We identified four other diverse chemotypes that exhibited the same time-dependent inability to maintain growth inhibition of M. tuberculosis H37Rv while maintaining the ability to inhibit resazurin reduction (Table 1) and rapidly inhibit ATP production with kinetics similar to those of BDQ and the protonophore carbonyl cyanide m-chlorophenyl hydrazine (CCCP) (see Fig. S2 in the supplemental material). The cydKO mutant was hypersusceptible to these compounds, whereas the qcrB mutants in the genetic cydKO background were resistant to them; mutations at Met342 did not confer resistance to compound 5, suggesting that this compound does not interact with this residue. Compound 1 is an imidazo[4,5-c]pyridine that was previously reported to have submicromolar potency against M. tuberculosis (10). The ability of all these scaffolds to inhibit the mycobacterial bc1 complex raised the concern that they might similarly inhibit mitochondrial respiration, which can lead to deleterious side effects during chemotherapy in vivo. Therefore, we conducted cytotoxicity testing against HepG2 cells using an assay which forces cells to use mitochondrial respiration by growth in galactose (11). It was found that compounds 3, 4, and 5 inhibited mitochondrial respiration (see Table S2 in the supplemental material), further reinforcing the notion that these compounds affect respiratory cytochrome function. A homology model of QcrB was constructed with multiple cytochrome b homologues (PDB no. 3CX5 [yeast], 1NTM [bovine], 1ZRT [Rhodobacter capsulatus], 2QJP [Rhodobacter sphaeroides], and 3H1H [chicken]) using MP-T (12) and MODELLER (13). The mutated residues were found to lie in close proximity in the pocket that binds stigmatellin, a known inhibitor in other species, suggesting a mechanism analogous to stigmatellin involving disruption of electron transport to the iron-sulfur protein. Although part of the pocket lies in a region of significant divergence in M. tuberculosis, it was nevertheless possible to dock the compounds in a plausible binding mode consistent with the mutational results using the software GOLD (14), allowing an elastic distance potential to the mutant residues (Fig. 2).
FIG 2.
Modeling of the imidazopyridine binding pocket of QcrB showing docking poses for the two scaffolds. (A) Docking of imidazo[1,2-α]pyridine (compound 2) in the QcrB homology model; (B) docking of imidazo[4,5-c]pyridine (compound 1) in QcrB; (C) docking of compound 3; (D) docking of compound 4. Compounds are shown in magenta, iron-sulfur protein in gray, and QcrB in rainbow spectrum; resistance-conferring residues are labeled and shown in stick representation.

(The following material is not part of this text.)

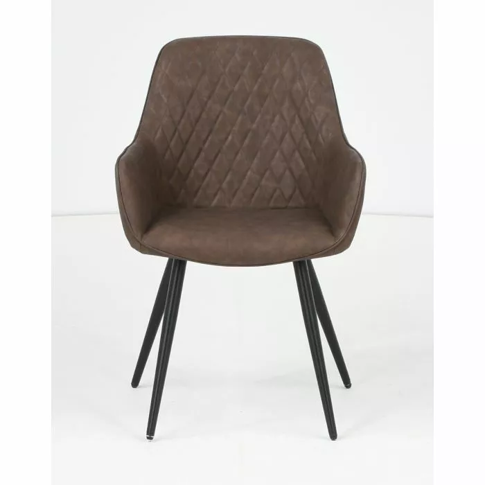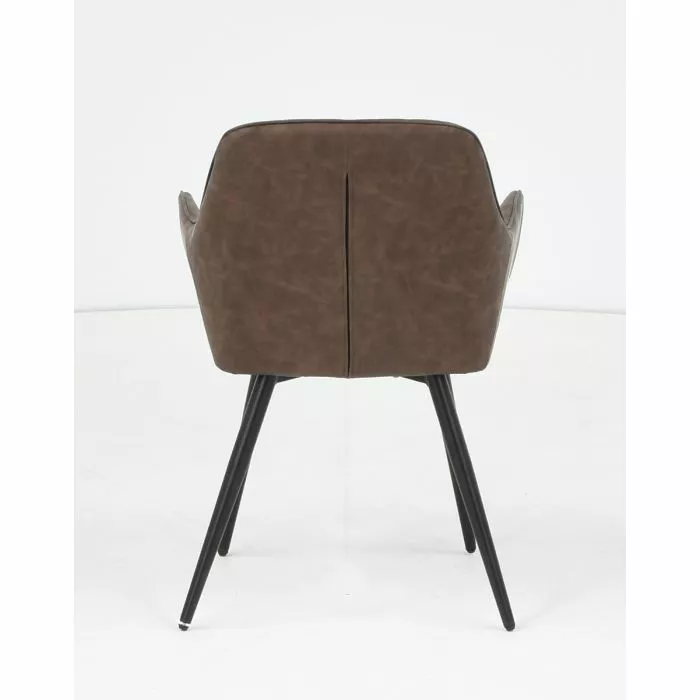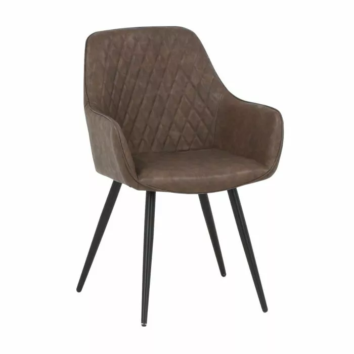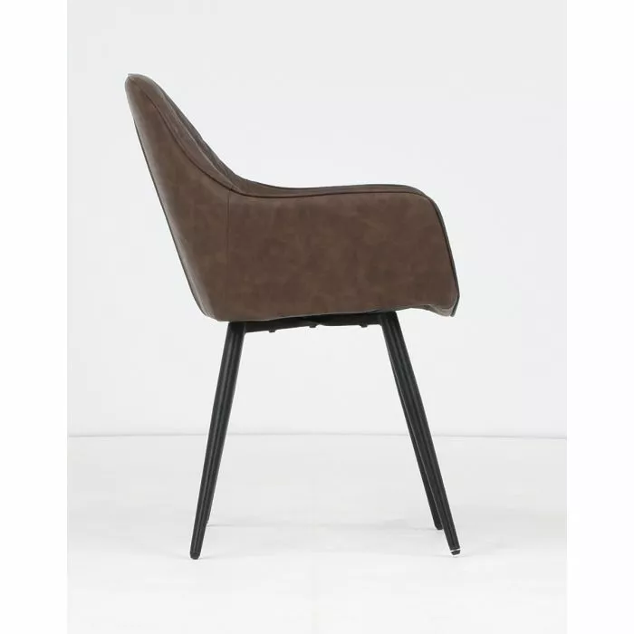 Tyylikäs ja tukeva Blake-ruokatuoli. Tuoli on verhoiltu laadukkaalla ruskealla keinonahalla ja siinä on mustat pulverimaalatut metallijalat.

The discovery of five distinct scaffolds that all target the M. tuberculosis bc1 complex suggests that this membrane target is promiscuous, as reported for several other membrane-associated targets (15). The hypersusceptibility of the cydKO mutant, in combination with the discordance between growth inhibition and resazurin reduction, offers a means of identifying such inhibitors early in the drug discovery process.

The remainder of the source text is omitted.